莫遠挑開竹簾向外探望,只見雨幕如註,傾盆而下。

漫天雨聲宛如敲擊在心頭,平添一股莫名的不安。

莫遠便又放下簾子,將視線投向室內。

屋裏路離正在酣睡,長長的睫毛隨著呼吸微微顫動,看起來乖巧無比。但說來奇怪,不管路離平日裏是說是笑,莫遠總覺得這孩子的眉宇間有股揮散不去的哀愁。

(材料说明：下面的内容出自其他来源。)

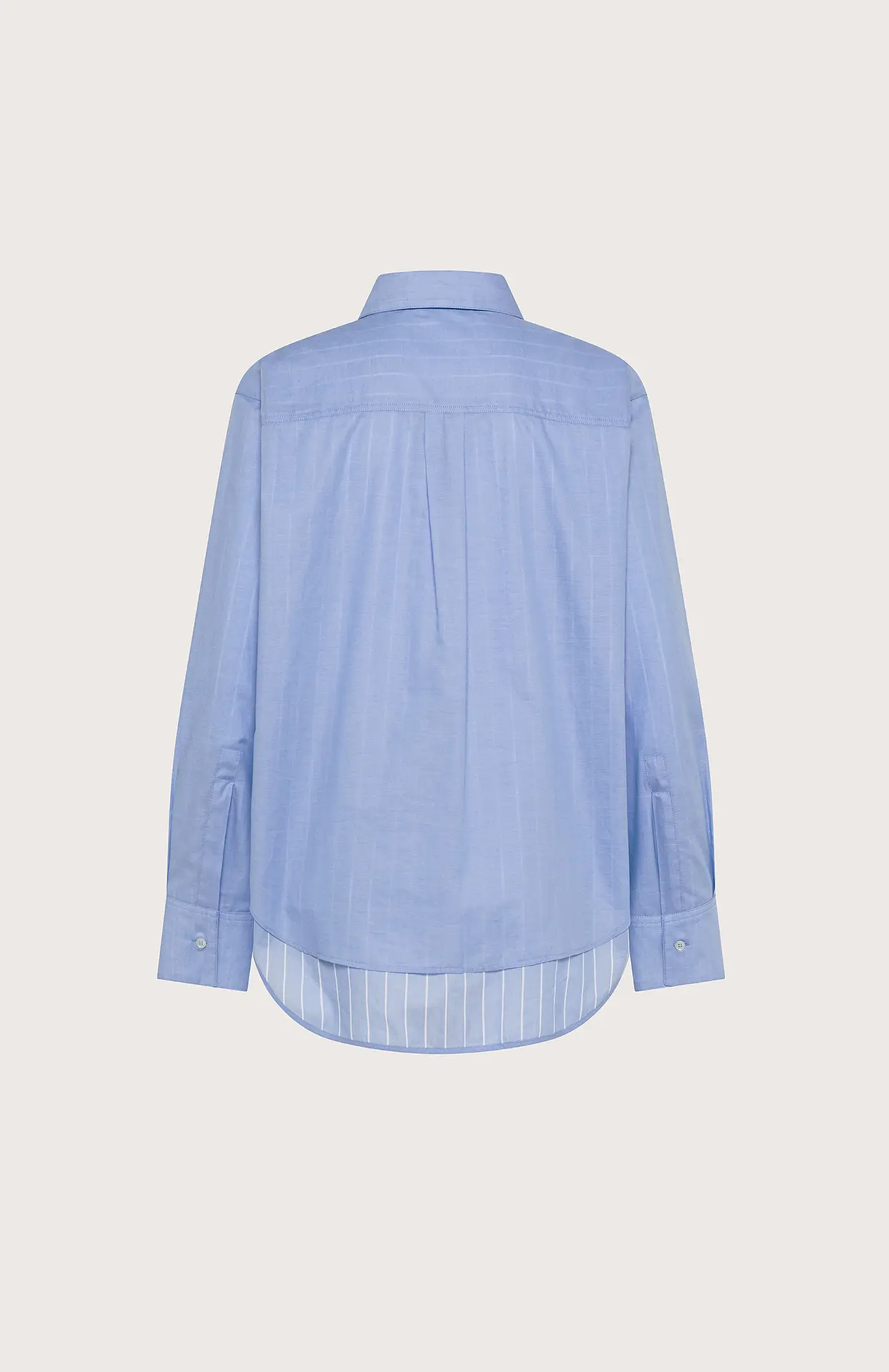 Comment la porter avec style ? Pour un look résolument moderne à Granville, portez-la du côté rayures larges avec le jean Calvin Brut et les Baskets Rocket Navy pour un esprit « riviera » assumé. Pour un style plus minimaliste, retournez-la et associez-la au pantalon Hero Sauge et à la ceinture Ninon Caramel. À la boutique de la rue Couraye, nous aimons aussi la porter ouverte sur le top Pampa Vert d’Eau, en laissant apparaître le revers contrasté au niveau des poignets retroussés pour un jeu de motifs subtil.
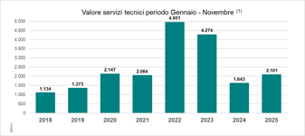 Nei primi undici mesi del 2025 si registra un incremento del valore dei bandi del 27,9% rispetto all’analogo periodo del 2024: circa 2,1 mld rispetto ai circa 1,6 dell’anno precedente. Va ricordato che il dato non comprende il maxi-bando Consip da 2,1 mld. che istituisce un sistema dinamico di acquisizione per 4 anni a beneficio delle stazioni appaltanti dal momento che non può essere equiparato alle altre tipologie di bandi di gara. Nell’undicesimo mese dell’anno, il valore ottenuto sommando l’importo delle gare per servizi di ingegneria e architettura (157,1 mln) al valore della progettazione esecutiva stimata compresa negli appalti integrati (25,9 mln), raggiunge l’importo complessivo di 183,0 mln, evidenziando un incremento del 16,3% su ottobre 2025, a fronte di una forte crescita del 70,8% su novembre 2024. Fra i bandi di maggiore importo si segnalano due accordi quadro: uno del Consorzio per le autostrade siciliane per le verifiche e ispezioni di sicurezza di ponti e viadotti di oltre 28,8 milioni e un altro di Anas per servizi tecnici finalizzati alla manutenzione di ponti e viadotti per un importo di 24 milioni. Le gare per soli servizi di ingegneria e architettura (esclusi gli appalti integrati) rilevate a novembre hanno raggiunto un importo di 157,1 mln, evidenziando un andamento estremamente positivo.
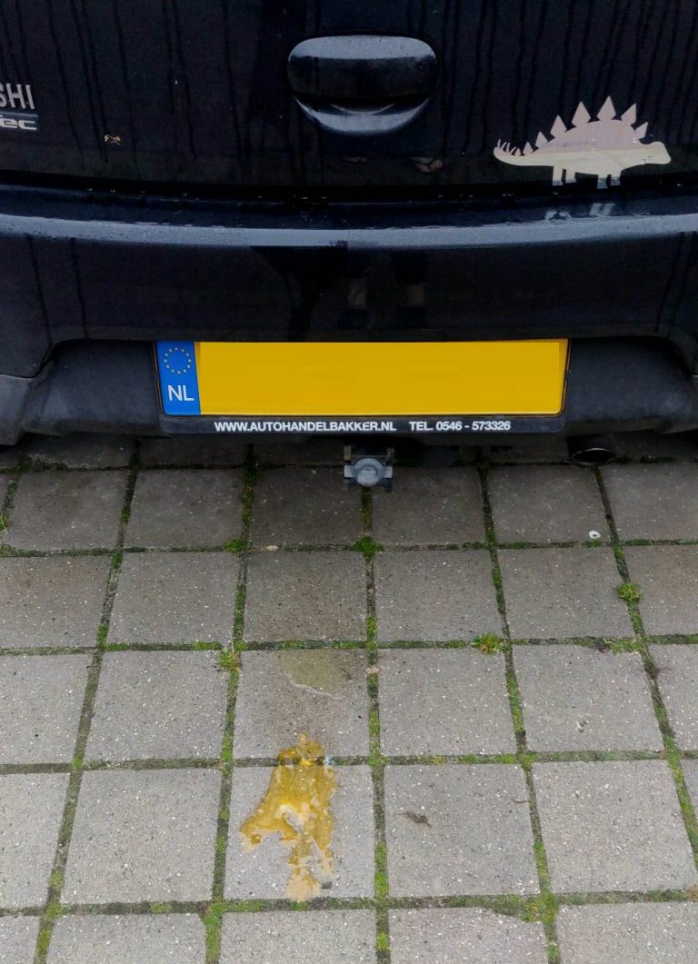 De bovenstaande melding kwam vandaag vanuit de Bomhof. Het zal je maar gebeuren. Stap je in de vroege ochtend in je auto om naar je werk te gaan, is je voertuig besmeurd met een onbekend, smerig uitziend goedje. Hieronder foto’s en de camerabeelden:

這或許和他目睹雙親生生被奸人所殺的場面,所受的刺激說不定今生都無法真正撫平。

哪怕是莫遠回憶起當日場景,自己也感覺心驚膽顫。那遺世英雄路衍忠,為了守護使命,不惜將自己和妻子的性命都搭上了。說來慚愧,自己自認武功高強,卻還是無法將好人拯救,只救得路衍忠唯一的孩子路離出來。

“忠義心中存,長路永不忘……”

望著路離的睡臉,莫遠無意識地呢喃著。

這兩句詩,是路衍忠臨終時對著自己用盡全力所說的。初聽來,莫遠只是以為乃這位英雄魂歸之時無意的感慨。但隨著這些日子,他左向右想,愈發覺得它們別有用意。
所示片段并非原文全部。